The game is divided into five acts, with five missions apiece. Each mission typically has some sort of objective, such as "destroy all of the enemies," or "protect allied ships." They are not too difficult to figure out, leaving players more time to deal with other concerns, such as the constant waves of planes and artillery-fire. Massive bosses await at the end of each act. These adversaries are unique in the sense that they are not just some overly large target that fires more bullets than the other, much smaller targets.

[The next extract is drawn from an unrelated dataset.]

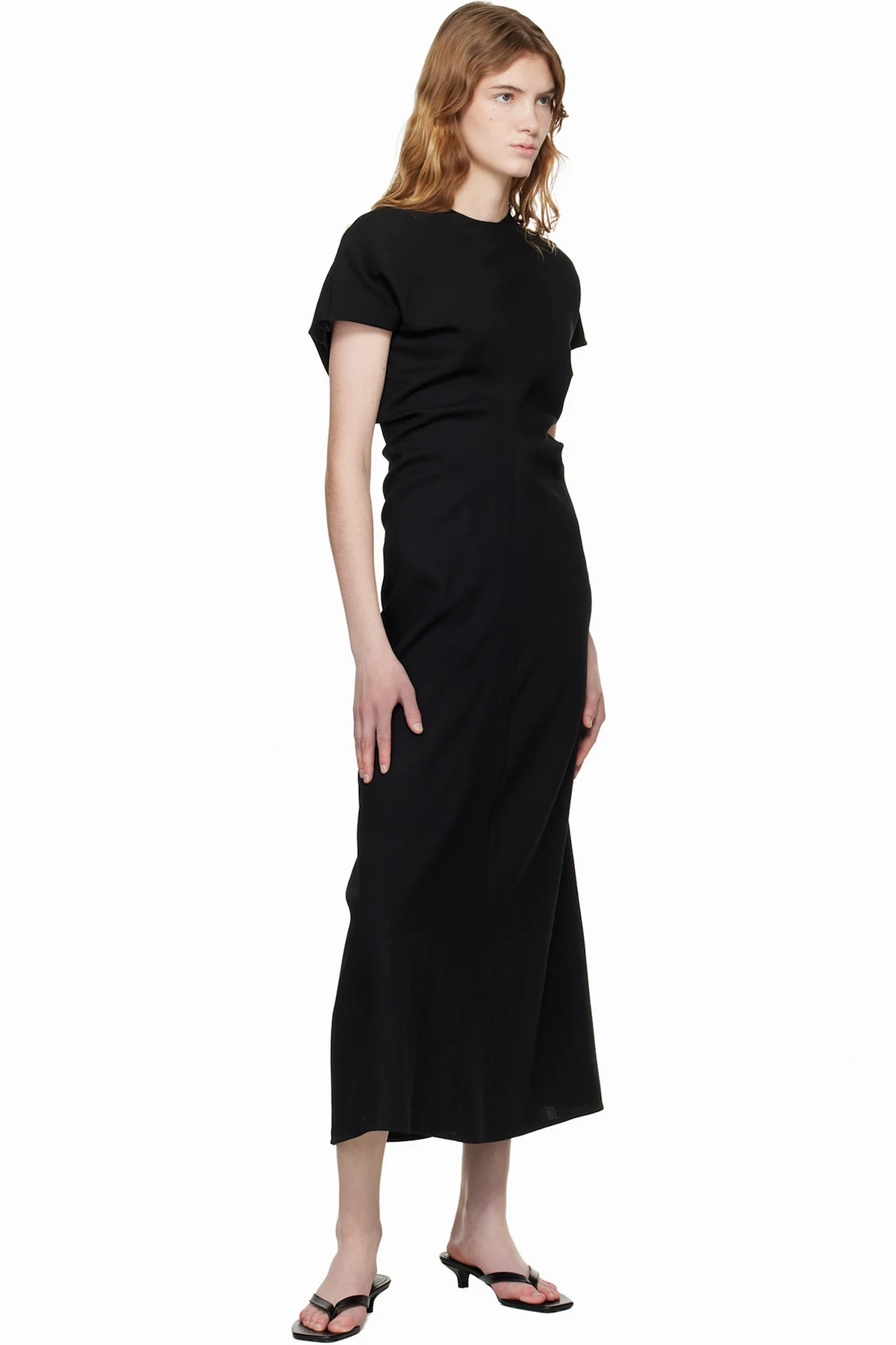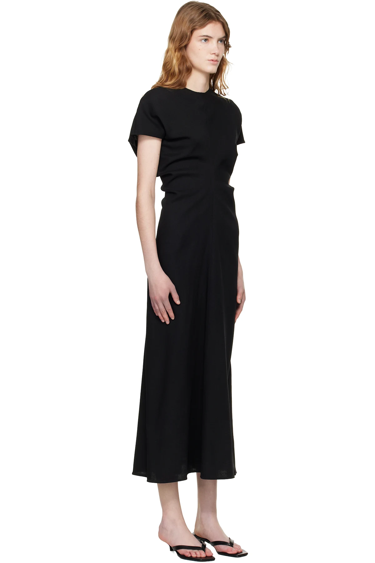 TOTEME Black Slouch Waist Wool Maxi Dress

In order to survive these deadly situations, it's important to learn how The Squadron works. There are four pilots, each with their own unique abilities. Whichever pilot the player decides to take control of is considered the leader. The other three pilots will fly alongside in formation. It's probably best to think of this support as options, not unlike the orbs that follow the Vic Viper around in Gradius. Keep in mind that there is a catch. The other pilots can be temporarily knocked out of action if they take too much damage. Depending on the difficulty setting, the leader can have up to four lives. If every life is lost, then the mission has to be retried.

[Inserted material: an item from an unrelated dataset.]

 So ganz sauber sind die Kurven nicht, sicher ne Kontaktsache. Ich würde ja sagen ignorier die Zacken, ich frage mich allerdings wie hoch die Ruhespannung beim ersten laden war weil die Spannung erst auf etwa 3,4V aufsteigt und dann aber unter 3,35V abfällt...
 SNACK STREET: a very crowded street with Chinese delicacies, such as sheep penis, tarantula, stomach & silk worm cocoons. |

The abilities tie into what can be considered a level-up system. Skill coins, which are earned through experience or found off of certain enemy ships, can be spent to unlock various abilities. Typically, these abilities boost basic parameters, such as armour or damage; although there are also active abilities, which are tied to a button press and can affect the battle in numerous ways. Located throughout each mission are power-up crates that strengthen the leader's arsenal. These special weapons are said to have limited ammo, but it seems to function more as a time limit. In other words, there's really no reason not to hold the fire button down all of the time.

One of the quirks of this game is that each of the four pilots has some sort of problem. One of the pilots is a narcoleptic. On certain missions he will doze off, prompting the rest of the squad to protect him. Another pilot has severe anger management issues, and will sometimes fly into a rage. Once he goes berserk, it's best to stay out of his way. It's an interesting gimmick, but doesn't really make a serious impact on how the mission plays out.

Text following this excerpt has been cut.